### Supplied material

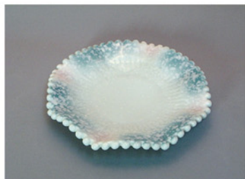
545 52-190308 在庫68 玉澗波しぶきフルーツ皿 ¥1,000 17.8×16.9×3.3cm
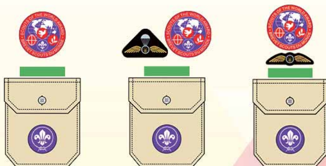
樂行童軍 / 成年成員
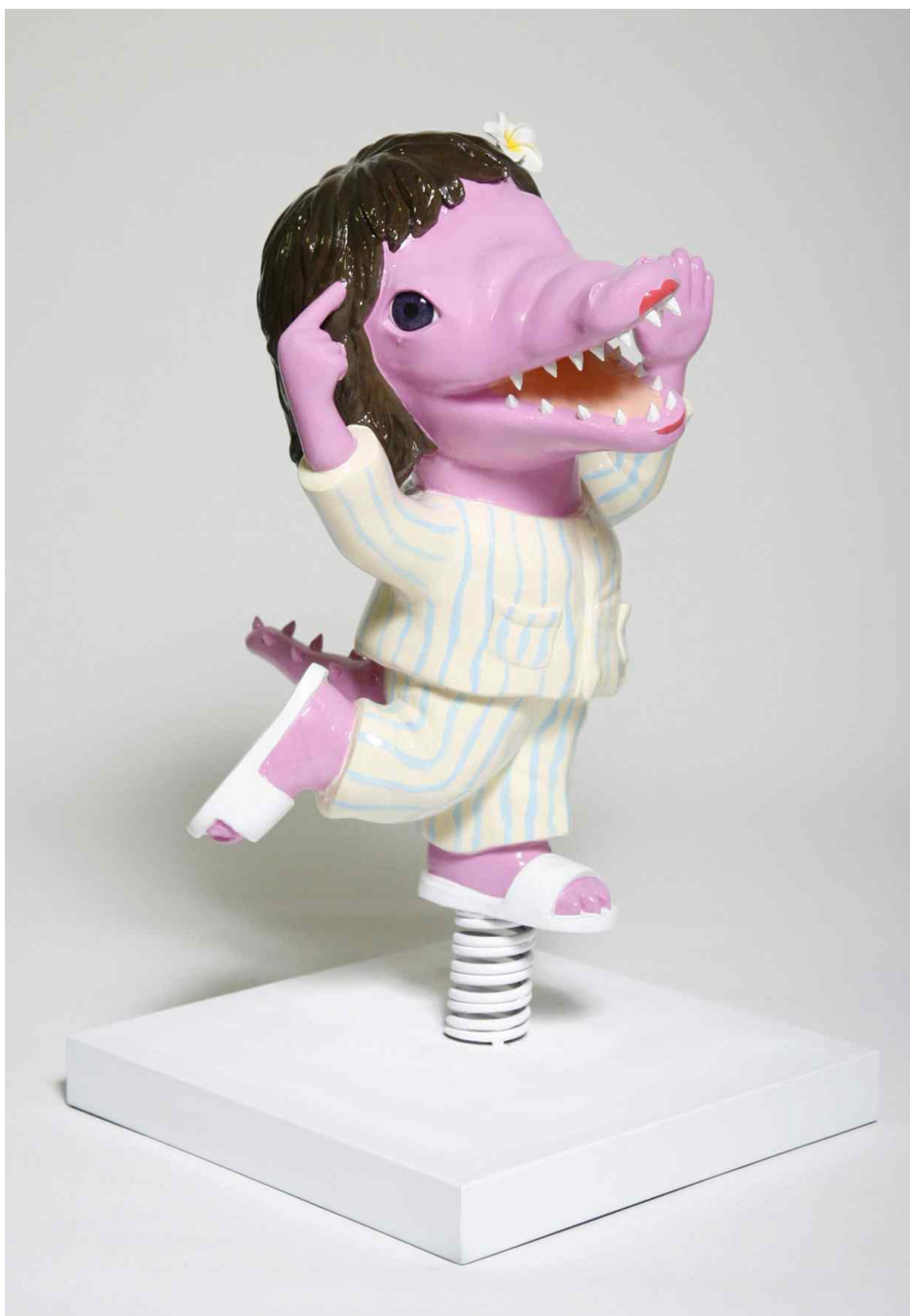
【작품 6】 Bora /40 x 40 x 67cm / 2015
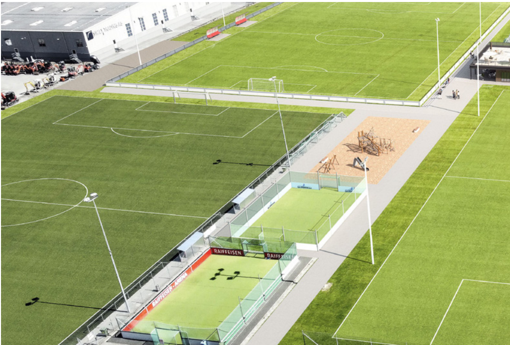
Abb. 5: Projekt Sportanlage Grünthal, Visualisierung

Durch den zweiten Kunstrasenplatz kann insbesondere im Winter vermehrt auf der Anlage trainiert werden; nur noch die jüngsten Junior*innenteams sollen im Winter in der Halle trainieren. Dies führt zu einer Entlastung der Turnhallenbelegung, sodass auch die Turnhallen vermehrt durch andere Vereine genutzt werden können.
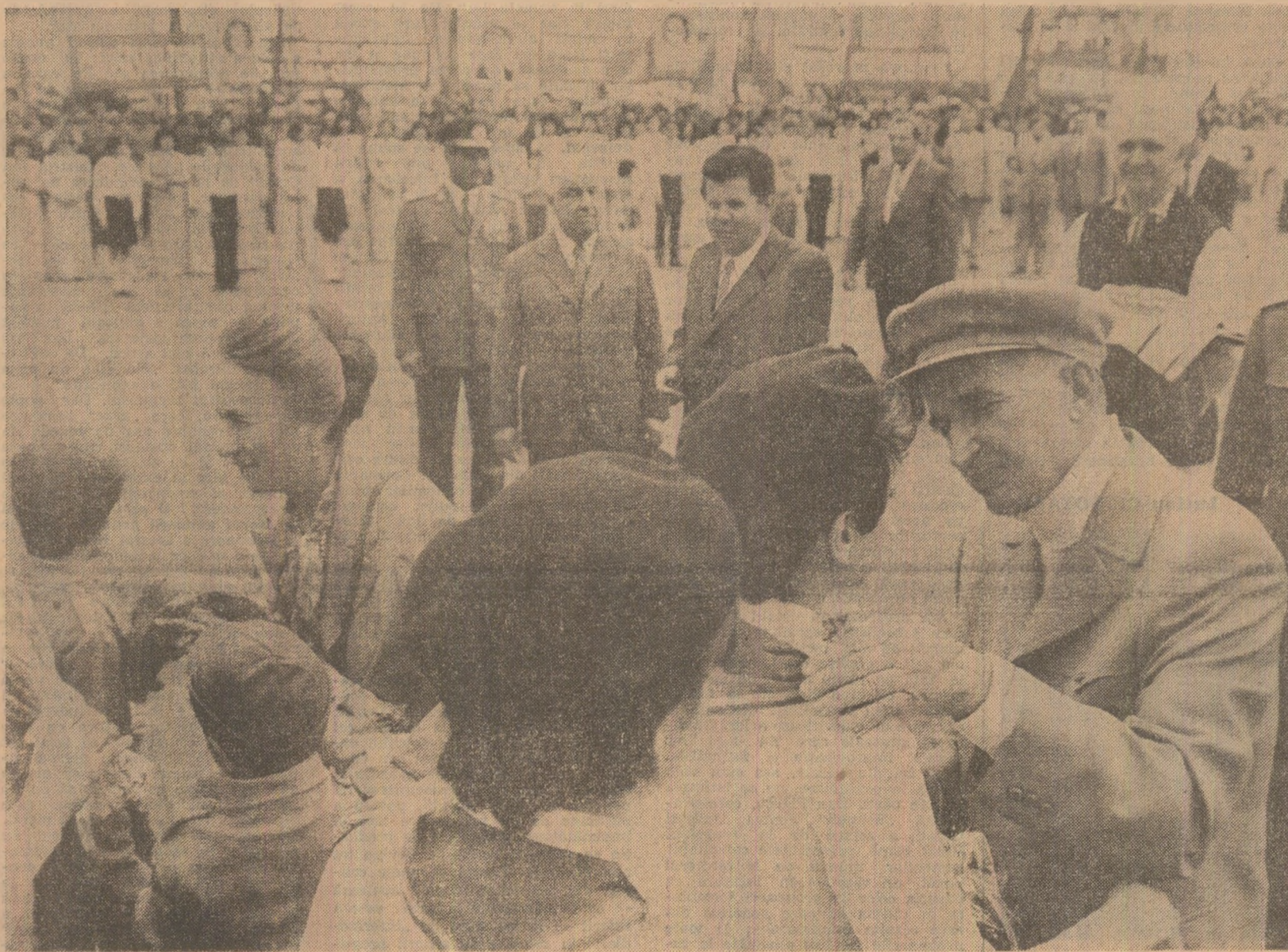
Tovarășul Nicolae Ceaușescu, secretar general al Partidului Comunist Român, președintele Republicii Socialiste România, împreună cu tovarășa Elena Ceaușescu, a început, joi după-amiază, o vizită de lucru în județul Argeș.

Vizita se desfășoară în atmosfera de puternică angajare patriotică a oamenilor muncii din acest județ, care, asemenea întregului nostru popor, achionează cu dăruire, cu pașos revoluționar pentru îndeplinirea în cele mai bune condiții a sarcinilor de plan în industrie, agricultură, în celelalte sectoare de activitate, pentru înfăptuirea integrală a obiectivelor stabilite de Congresul al XIII-lea al Partidului Comunist Român.

######

Copy out every line in the records where the word "Comunist" is found.

Tovarășul Nicolae Ceaușescu, secretar general al Partidului Comunist Român, președintele Republicii Socialiste România, împreună cu tovarășa Elena Ceaușescu, a început, joi după-amiază, o vizită de lucru în județul Argeș.
Vizita se desfășoară în atmosfera de puternică angajare patriotică a oamenilor muncii din acest județ, care, asemenea întregului nostru popor, achionează cu dăruire, cu pașos revoluționar pentru îndeplinirea în cele mai bune condiții a sarcinilor de plan în industrie, agricultură, în celelalte sectoare de activitate, pentru înfăptuirea integrală a obiectivelor stabilite de Congresul al XIII-lea al Partidului Comunist Român.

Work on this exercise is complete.